Burke and Football

Every Sunday for about 20 weeks, I sit on my couch for about 8 hours and watch the best sport alive, football. As a lover of the sport, I truly appreciate the game for its amazing plays, big hits and sophisticated defensive schemes that coaches employ. According to Mark Tracy’s article NFL Rules Changes: When Is Football No Longer Football, the NFL has adopted 3 new rules to help make the game safer: banning ball-carriers from lowering their helmets into oncoming defenders in an attempt to break free of the tackle, getting rid of kick-offs in the Pro Bowl, and eliminating tackling during preseason camps.
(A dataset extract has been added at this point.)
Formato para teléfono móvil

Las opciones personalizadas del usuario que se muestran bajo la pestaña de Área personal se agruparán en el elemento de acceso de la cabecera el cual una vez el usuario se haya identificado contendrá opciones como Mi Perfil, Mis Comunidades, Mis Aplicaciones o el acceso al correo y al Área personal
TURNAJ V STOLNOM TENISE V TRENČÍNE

By implementing these rules, the NFL is taking away a tremendous amount from the game. Edmund Burke, the father of conservatism, would also be against implementing such rules. In Burke’s Reflections on the French Revolution in France, he states that slow and gradual change is the best way to yield positive results; revolutionary change is counterproductive and will lead to unrest and disorganization. The NFL is a game known for its physicality, a main feature that attracts so many viewers. Disallowing ball carriers to lower their helmets and taking away tackling from preseason camps takes away from the physicality that fans love to see. While these rules do improve the safety of players, it diminishes the sport as a whole. In addition, the NFL is taking away kick-offs during the pro bowl. Devin Hester was known for electrifying the crowds with his ability to return kick offs.
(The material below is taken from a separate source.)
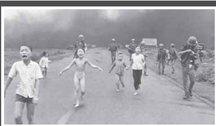
ਤਸਵੀਰਸਾਜ਼ ਕੈਵਨ ਕਾਰਟਰ ਦੀ ਉਹ ਤਸਵੀਰ (ਖੱਬੇ) ਜਿਸ ਨੇ ਉਸ ਦੀ ਜਾਨ ਲੈ ਲਈ ਅਤੇ (ਸੱਜੇ) ਨਾਪਾਮ ਬੰਬ ਚੱਲਣ ਤੋਂ ਬਾਅਦ ਭੱਜੇ ਜਾ ਰਹੇ ਲੋਕ।

ਤਸਵੀਰਸਾਜ਼ਾਂ ਅਤੇ ਦਸਤਾਵੇਜ਼ੀ ਫਿਲਮਸਾਜ਼ਾਂ ਬਾਰੇ ਇੱਕ ਵਿਚਾਰ ਹੈ ਕਿ ਉਹ ਪੀੜਤ ਨੂੰ ਬਚਾਉਣ ਨਾਲੋਂ ਉਹਦੀ ਤਸਵੀਰ ਬਣਾਉਣ 'ਚ ਵਧੇਰੇ ਦਿਲਚਸਪੀ ਰੱਖਦੇ ਹਨ। ਇਹ ਸਵਾਲ ਬਾਰੇ ਆਲਮੀ ਪੱਧਰ 'ਤੇ ਬਹਿਸ ਚੱਲ ਰਹੀ ਹੈ। ਇਹ ਬਹਿਸ ਅਫਰੀਕੀ ਤਸਵੀਰਸਾਜ਼ ਕੈਵਨ ਕਾਰਟਰ ਦੇ ਹਵਾਲੇ ਨਾਲ ਵਧੇਰੇ ਭਖੀ ਸੀ। ਵੀਹਵੀਂ ਸਦੀ ਦੇ ਆਖਰੀ ਦਹਾਕੇ 'ਚ ਸੂਡਾਨ ਭਿਆਨਕ ਅਕਾਲ ਦੀ ਮਾਰ ਹੇਠ ਸੀ। ਕੈਵਨ ਕਾਰਟਰ ਵਲੋਂ ਮਾਰਚ 1993 ਨੂੰ ਖਿੱਚੀ ਤਸਵੀਰ ਨੇ ਕੁੱਲ ਆਲਮ ਨੂੰ ਹਿਲਾ ਕੇ ਰੱਖ ਦਿੱਤਾ। ਤਸਵੀਰ 'ਚ ਭੁੱਖਮਰੀ ਦੀ ਸ਼ਿਕਾਰ ਸੂਡਾਨੀ ਬੱਚੀ ਕਿਲੋਮੀਟਰ ਦੂਰ ਸੰਯੁਕਤ ਰਾਸ਼ਟਰ ਦੇ ਖੁਰਾਕ ਡੇਰੇ ਵੱਲ ਸਰਕ ਰਹੀ ਹੈ। ਪਿੱਛੇ ਬੈਠੀ ਗਿਰਝ ਉਹਦੇ ਮਰਨ ਦੀ ਉਡੀਕ 'ਚ ਹੈ। ਕੈਵਨ ਤਸਵੀਰ ਖਿੱਚ ਕੇ ਉੱਥੋਂ ਚਲਾ ਗਿਆ। ਇਹ ਤਸਵੀਰ 'ਨਿਊ ਯਾਰਕ ਟਾਈਮਜ਼' ਵਿਚ 26 ਮਾਰਚ 1993 ਨੂੰ ਛਪੀ। ਹਜ਼ਾਰਾਂ ਲੋਕਾਂ ਨੇ ਬੱਚੀ ਦੀ ਹੋਣੀ ਬਾਬਤ ਅਖ਼ਬਾਰ ਤੋਂ ਪੁੱਛਿਆ। ਅਖ਼ਬਾਰ ਮੁਤਾਬਕ ਬੱਚੀ ਦੇ ਖੁਰਾਕ ਡੇਰੇ ਤੱਕ ਸਹੀ-ਸਲਾਮਤ ਪਹੁੰਚਣ ਦੀ ਕੋਈ ਜਾਣਕਾਰੀ ਨਹੀਂ ਹੈ। 1994 ਵਿਚ ਇਸ ਤਸਵੀਰ ਨੂੰ ਵੱਕਾਰੀ ਪੁਲਿਟਰਜ਼ ਇਨਾਮ ਮਿਲਿਆ ਪਰ ਬੱਚੀ ਦੀ ਮਦਦ ਨਾ ਕਰਨ ਲਈ ਕੈਵਨ ਦੀ ਦੁਨੀਆਂ ਭਰ 'ਚ ਬਦਨਾਮੀ ਹੋਈ। ਫਲੋਰਿਡਾ ਦੇ ਇੱਕ ਅਖ਼ਬਾਰ ਨੇ ਕੈਵਨ ਬਾਰੇ ਲਿਖਿਆ ਸੀ, "ਬੱਚੀ ਦੇ ਦਰਦ ਦਾ ਸਹੀ ਖਾਕਾ ਖਿੱਚਣ ਲਈ ਕੈਮਰੇ ਦਾ ਸ਼ੀਸ਼ਾ ਸੰਵਾਰ ਰਿਹਾ ਲੁਟੇਰਾ ਬੰਦਾ, ਦ੍ਰਿਸ਼ ਵਿਚ ਬੈਠੀ ਦੂਜੀ ਗਿਰਝ

Devin Hester, the NFL's best kick returner, is getting set to return the kickoff. (via Wikimedia)
Devin Hester, the NFL’s best kick returner, is getting set to return the kickoff. (via Wikimedia)

They have brought excitement to the game and have created a new dynamic to the game. By taking it away, it will only make the game less exciting and appealing to fans. The NFL should not make such drastic changes to the game. Football players understand that the sport they play is a physical one that carries risk to their health. If all these rules are implemented, is it still really football?
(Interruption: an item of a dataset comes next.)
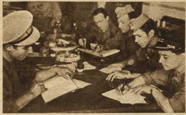
El enemigo ha abandonado con la casa cuanto en ella había. Hoy sirve a maravilla esta mesa para el trabajo de los oficiales, y en otros momentos como escuela de los soldados de la República

A couple years ago, the NFL proposed a new rule that would punish teams for their players’ multiple flagrant hits, resulting in thousands of dollars of fines. Dubbed the “Steelers Rule”, players were outraged, calling football soft. In 2010, all pro linebacker James Harrison was fined $100,000 for his hits. He took out his frustration on twitter, saying “I’m absolutely sure now after this last rule change that the people making the rules at the NFL are idiots”.

James Harrison playing against the Baltimore Ravens.
James Harrison playing against the Baltimore Ravens.

James’ teammate Lamar Woodley was also disgusted with the new rule, stating, “Football is turning soft now. Too many fines. Too many penalties protecting the quarterback every single play. Defensive guys can’t be defensive guys no more”. As seen, many of the players already are unhappy with the current rules. Additional rules would drastically change the game, something Burke would be completely against.


One thought on “Burke and Football

  1. As an avid football watcher myself I found your post to be extremely interesting. I agree that Burke would not support this rapid changing and implementation of new rules. However, I do believe that these new rules are most certainly justified. I think Mill would argue that these new rules are justified. When the actions of one are going to harm another then that act should not be allowed. There is growing evidence to support the growing issue of concussions and even paralysis as a result of the types of hits that the NFL is making rules against. It only has recently been brought to light how dangerous these hits are. These hits are harmful and there has to be rules against such hits to protect players from harm done by others. Overall, I think you wrote a very strong blog, but there is other justification for the rules that you write about.